Problem to work on = Output exactly, and only, the stretch of lines beginning at the line with "EG27710 典型应用电路" and ending at the last line of the listing below. Drop the pictures.

Records provided =
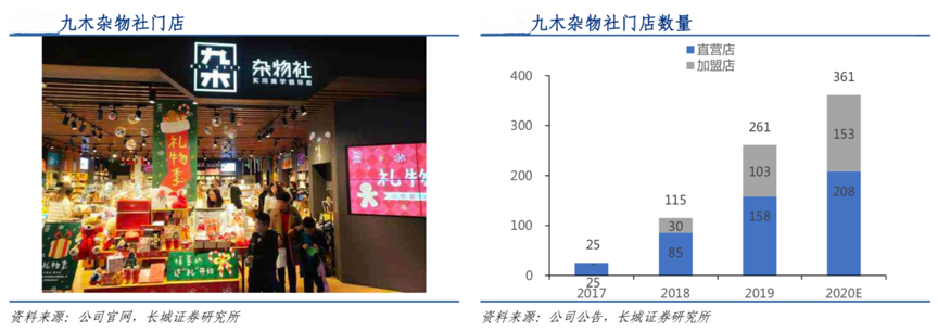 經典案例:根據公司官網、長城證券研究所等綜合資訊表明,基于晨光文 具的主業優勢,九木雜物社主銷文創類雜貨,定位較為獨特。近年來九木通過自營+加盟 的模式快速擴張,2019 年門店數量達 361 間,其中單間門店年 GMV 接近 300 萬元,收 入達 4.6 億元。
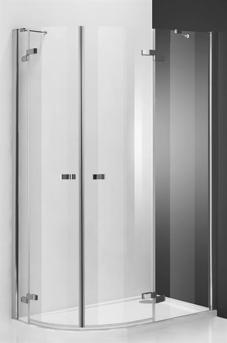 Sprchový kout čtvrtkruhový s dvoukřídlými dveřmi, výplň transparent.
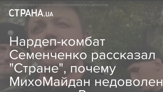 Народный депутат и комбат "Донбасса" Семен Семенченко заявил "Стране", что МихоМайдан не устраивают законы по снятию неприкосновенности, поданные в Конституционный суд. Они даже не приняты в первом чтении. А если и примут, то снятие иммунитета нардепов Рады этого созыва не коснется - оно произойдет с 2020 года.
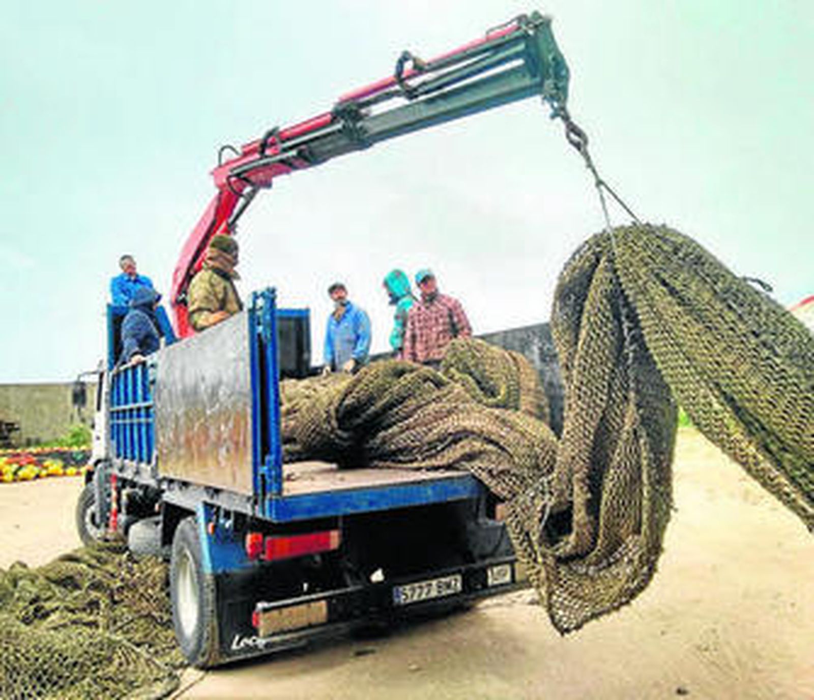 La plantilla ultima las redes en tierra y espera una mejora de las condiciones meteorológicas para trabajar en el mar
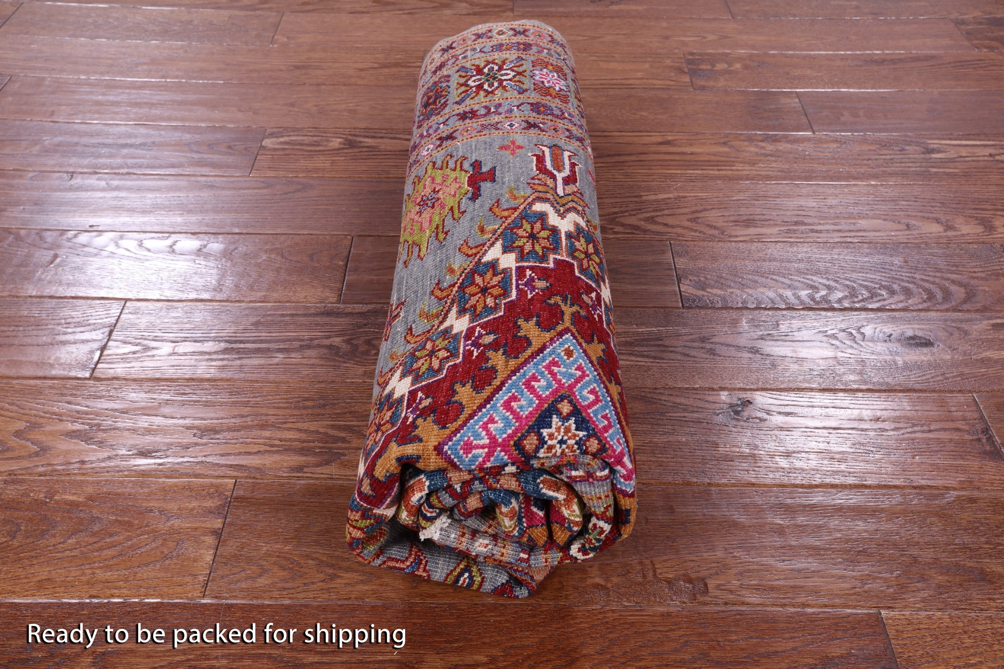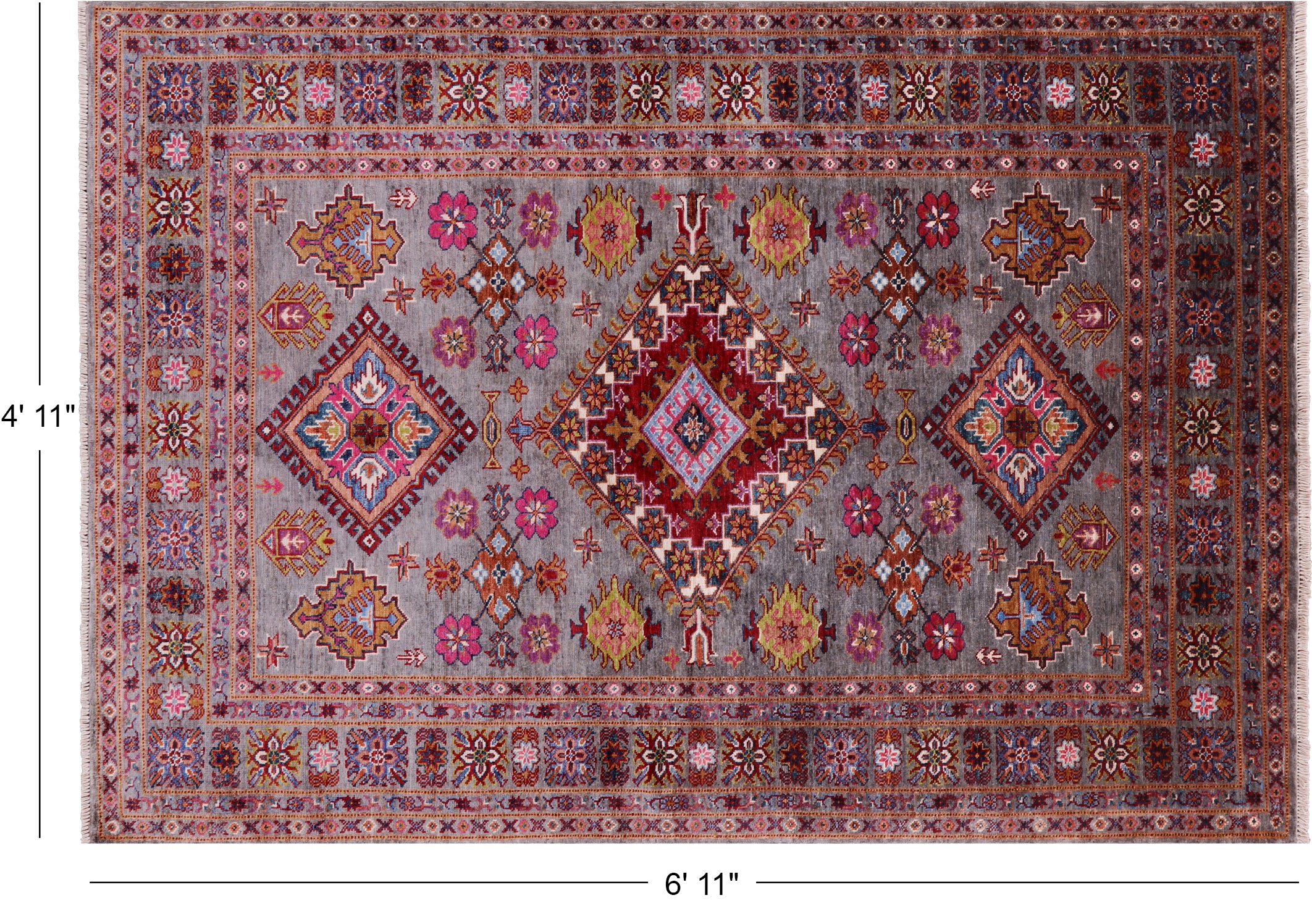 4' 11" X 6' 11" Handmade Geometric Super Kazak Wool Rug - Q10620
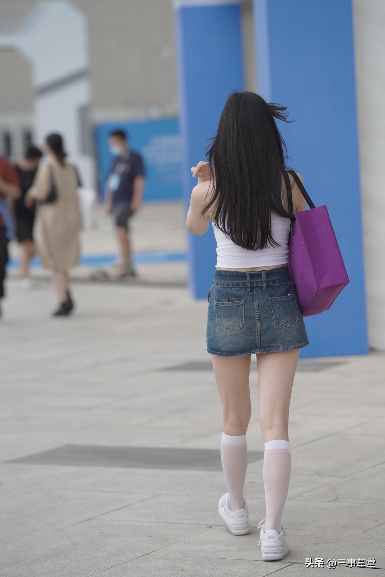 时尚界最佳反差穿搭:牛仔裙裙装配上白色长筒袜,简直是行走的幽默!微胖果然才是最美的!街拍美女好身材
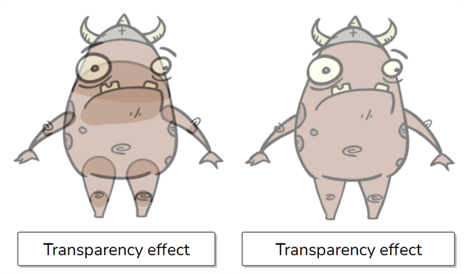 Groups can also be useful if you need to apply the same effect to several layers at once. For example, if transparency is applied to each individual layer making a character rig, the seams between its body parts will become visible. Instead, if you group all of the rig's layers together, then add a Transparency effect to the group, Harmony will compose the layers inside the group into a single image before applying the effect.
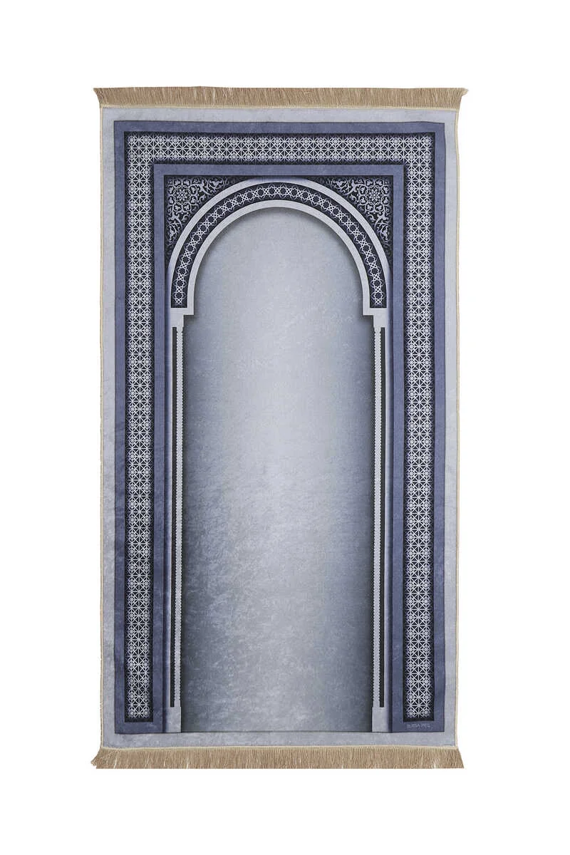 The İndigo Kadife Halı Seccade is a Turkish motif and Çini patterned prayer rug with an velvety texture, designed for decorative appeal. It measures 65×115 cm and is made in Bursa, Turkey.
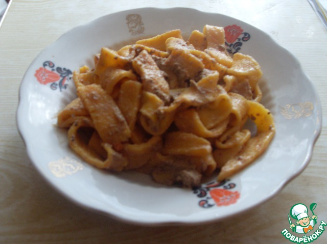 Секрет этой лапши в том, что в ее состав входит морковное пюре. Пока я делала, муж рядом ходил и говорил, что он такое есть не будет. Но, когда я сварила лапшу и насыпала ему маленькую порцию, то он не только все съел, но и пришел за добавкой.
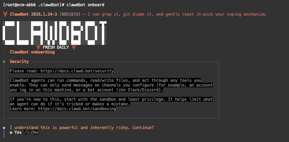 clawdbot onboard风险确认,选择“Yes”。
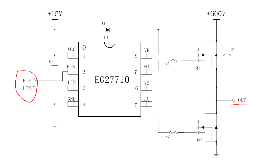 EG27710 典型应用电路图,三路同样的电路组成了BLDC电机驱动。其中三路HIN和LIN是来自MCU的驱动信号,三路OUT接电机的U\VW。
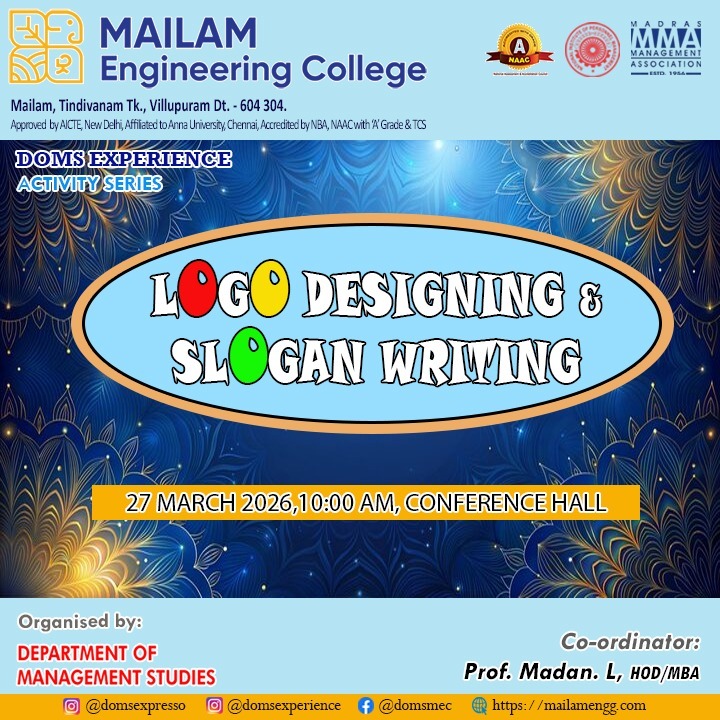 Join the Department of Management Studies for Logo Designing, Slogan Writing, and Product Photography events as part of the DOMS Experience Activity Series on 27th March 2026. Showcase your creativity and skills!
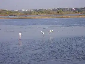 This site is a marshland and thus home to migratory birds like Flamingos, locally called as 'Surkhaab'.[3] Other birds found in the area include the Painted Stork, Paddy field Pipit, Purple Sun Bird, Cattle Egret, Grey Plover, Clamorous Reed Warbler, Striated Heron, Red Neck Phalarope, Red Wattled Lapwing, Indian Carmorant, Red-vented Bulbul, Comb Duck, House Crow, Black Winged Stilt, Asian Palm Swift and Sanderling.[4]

Answer for this exercise =
 EG27710 典型应用电路图,三路同样的电路组成了BLDC电机驱动。其中三路HIN和LIN是来自MCU的驱动信号,三路OUT接电机的U\VW。
 Join the Department of Management Studies for Logo Designing, Slogan Writing, and Product Photography events as part of the DOMS Experience Activity Series on 27th March 2026. Showcase your creativity and skills!
 This site is a marshland and thus home to migratory birds like Flamingos, locally called as 'Surkhaab'.[3] Other birds found in the area include the Painted Stork, Paddy field Pipit, Purple Sun Bird, Cattle Egret, Grey Plover, Clamorous Reed Warbler, Striated Heron, Red Neck Phalarope, Red Wattled Lapwing, Indian Carmorant, Red-vented Bulbul, Comb Duck, House Crow, Black Winged Stilt, Asian Palm Swift and Sanderling.[4]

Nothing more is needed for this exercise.